Between 1993 and 1997 a number of changes in the shareholder structure took place; this transition period stabilized at the end of 1997, when the German Bayerische Landesbank became the majority shareholder and the Hungarian Magyar Kulkereskedelmi Bank (MKB) and the Austrian Bank für Arbeit und Wirtschaft AG (BAWAG) became minority shareholders.

=== BAWAG Bank CZ ===
In September 2003, BAWAG became the sole shareholder of Interbank a.s. and in June 2004 the bank was renamed BAWAG Bank CZ a.s. In September 2004, BAWAG acquired 100% of the shares of another bank on the Czech market – Dresdner Bank CZ a.s.

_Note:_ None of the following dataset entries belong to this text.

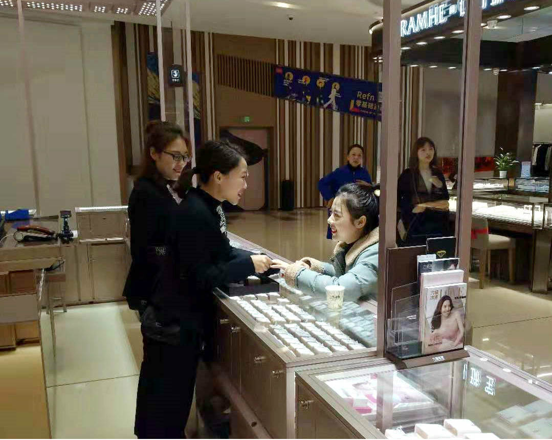 圖片4:專櫃銷售人員悉心為顧客提供試戴服務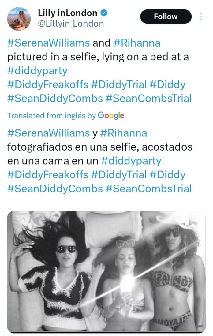 La fotografía, presentada como evidencia ante el tribunal y obtenida por el Daily Mail, muestra a dos de las mujeres más reconocidas del mundo del espectáculo y el deporte: la cantante Rihanna y la tenista Serena Williams, ambas recostadas en una cama en bikini bajo un techo cubierto de espejos deteriorados.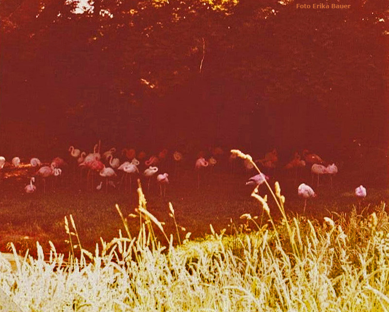 Flamingos im Zoologischen Garten Wuppertal im Sommer 1977.
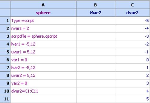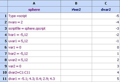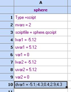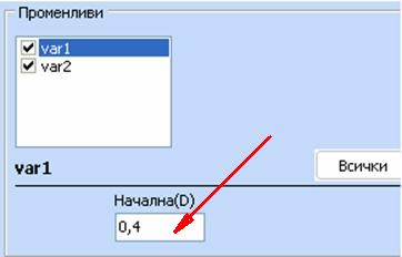 Сега да предположим, че първата променлива може да приема само следните стойности: -5.1; 4.3; 0.4; 2.9; 4.3. Можем да дефинираме това, като включим в колоната за дефиниране на модела следното dvar1 = -5.1; 4.3; 0.4; 2.9; 4.3:

Dresdner Bank CZ a.s. was founded in 1991 as a joint venture of the French Banque National de Paris (BNP, later BNP Paribas) and the German Dresdner Bank AG, and under the original name BNP-Dresdner Bank (ČSFR) a.s. obtained a banking license on 3 September 1991. In 2001 Dresdner Bank AG became the sole shareholder of the bank, which was given a new license (re-licensed after the amendment to the Banking Act) under the name Dresdner Bank CZ a.s. on 4 November 2003. After BAWAG became the sole shareholder, Dresdner Bank CZ a.s. was renamed BAWAG International Bank CZ a.s. and ceased to exist on 31 March 2005 as a result of the merger with BAWAG Bank CZ a.s. as a successor bank.

=== LBBW Bank CZ ===
In September 2008, another change occurred when German Landesbank Baden-Württemberg (LBBW) became the sole shareholder and BAWAG Bank CZ a.s. was renamed LBBW Bank CZ a.s. as part of the LBBW Group. The parent LBBW is both a commercial bank and a central bank of local savings banks in Baden-Württemberg, Saxony, and Rhineland-Palatinate. It is also one of the largest banks in Germany.

=== Expobank CZ ===
In January 2014, LBBW agreed to sell LBBW Bank CZ to the Russian bank Expobank owned by the entrepreneur Igor Kim. At the end of November 2014, the branch network has been reduced. Since the end of 2014, Igor Kim has been the majority owner of the Czech bank. On 15. 10. 2014 the business name of the bank was changed to Expobank CZ a.s.

In March 2016, Expobank CZ a.s. repurchased EAST Portfolio, s.r.o. in which it acquired a 100% stake from the German LBBW.

In March 2017 Expobank CZ a.s. was the first Czech bank to enter the Serbian market, where it became the sole shareholder of Marfin Bank a.d. Beograd. Marfin Bank subsequently changed its business name to Expobank Beograd.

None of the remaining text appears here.